The First

I suspect that Channel 4 might be a little disappointed that their screening of The First doesn't seem to have captured the public's imagination. I'd seen a couple of reviews after the first episode that tended to lean heavily on the "Sean Penn's show fails to lift off" line, which is about the angle you'd expect a busy TV reviewer who had only seen the first episode to go with.[note]In that first episode, we spent the first twenty minutes watching a crew head off on what's intended to be the first manned mission to Mars but without the show's biggest star on the crew. Those poor, doomed nobodies were never getting to where they wanted to go, and the only question was whether they'd fall short of their goal - say, making their way into orbit but finding some malfunction that demanded a mission abort - or whether they'd find themselves starring in an unnervingly realistic remake of the Challenger disaster. Unfortunately for them, it was the latter.[/note]

The show was originally made for Hulu, and having looked around online I've found a number of reactions from critics who've seen all eight episodes in the first season. Clearly the show isn't imminently going to find itself canonised as part of the Golden Age of Quality Television, but it sounds a lot more promising than you'd think from the reaction to the first couple of episodes. As Todd VanDerWerff puts it in his review of the show for Vox:

This is not a show about the people going to Mars. It’s a show about the people going to Mars.

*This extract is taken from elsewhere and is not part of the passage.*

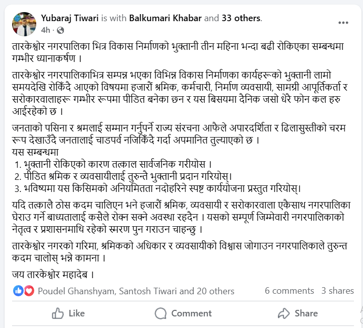 उहाँले सामाजिक सञ्जाल फेसबुक मार्फत भन्नुभएको छ, ‘तारकेश्वोर नगरपालिका भित्र विकास निर्माणको भुक्तानी तीन महिना भन्दा बढी रोकिएका सम्बन्धमा गम्भीर ध्यानाकर्षण । तारकेश्वोर नगरपालिकाभित्र सम्पन्न भएका विभिन्न विकास निर्माणका कार्यहरूको भुक्तानी लामो समयदेखि रोकिँदै आएको विषयमा हजारौं श्रमिक, कर्मचारी, निर्माण व्यवसायी, सामग्री आपूर्तिकर्ता र सरोकारवालाहरू गम्भीर रूपमा पीडित बनेका छ्न र यस बिसयमा दैनिक जसो धेरै फोन कल हरु आईरहेको छ । जनताको पसिना र श्रमलाई सम्मान गर्नुपर्ने राज्य संरचना आफैले अपारदर्शिता र ढिलासुस्तीको चरम रूप देखाउँदै जनतालाई चाडपर्व नजिकिँदै गर्दा अपमानित तुल्याएको छ ।’

As I understand it, the show's only just going to start the journey to Mars at the end of the first season, which is not to say that it's pointless prior to that. Sean Penn's character, an experienced astronaut.[note]He's a naval officer and a veteran of a manned mission to the Moon that wasn't Apollo, so in this alternate universe do we have a permanent lunar base?[/note] He finds himself bonding with the relatives of the doomed crew (who had been his crew until his being unseated as the team's leader for reasons we've not gone into as of episode 2) in the wake of the accident, and making the case through the media for a manned space programme earnestly but with a certain gravitas it seems he's earned through his previous space exploits, all while he's also dealing with the recent return into his life of his estranged daughter, who has had her share of problems and is still coming to terms with the disappearance of her mother, his wife, a few years ago.[note]Again, the reviews suggest that there's a fair bit more background about this to come in episode 5.[/note] Penn is a more than capable lead for this show, and I suspect that by the time we get to episode eight he'll have cemented himself as the rock against whom a good cast[note]Including Natascha McElhone and from episode 3 onwards, Keko Agena[/note] have assembled to tell a good, mature story. It probably won't be the flashiest of stories, but it could be something special given time.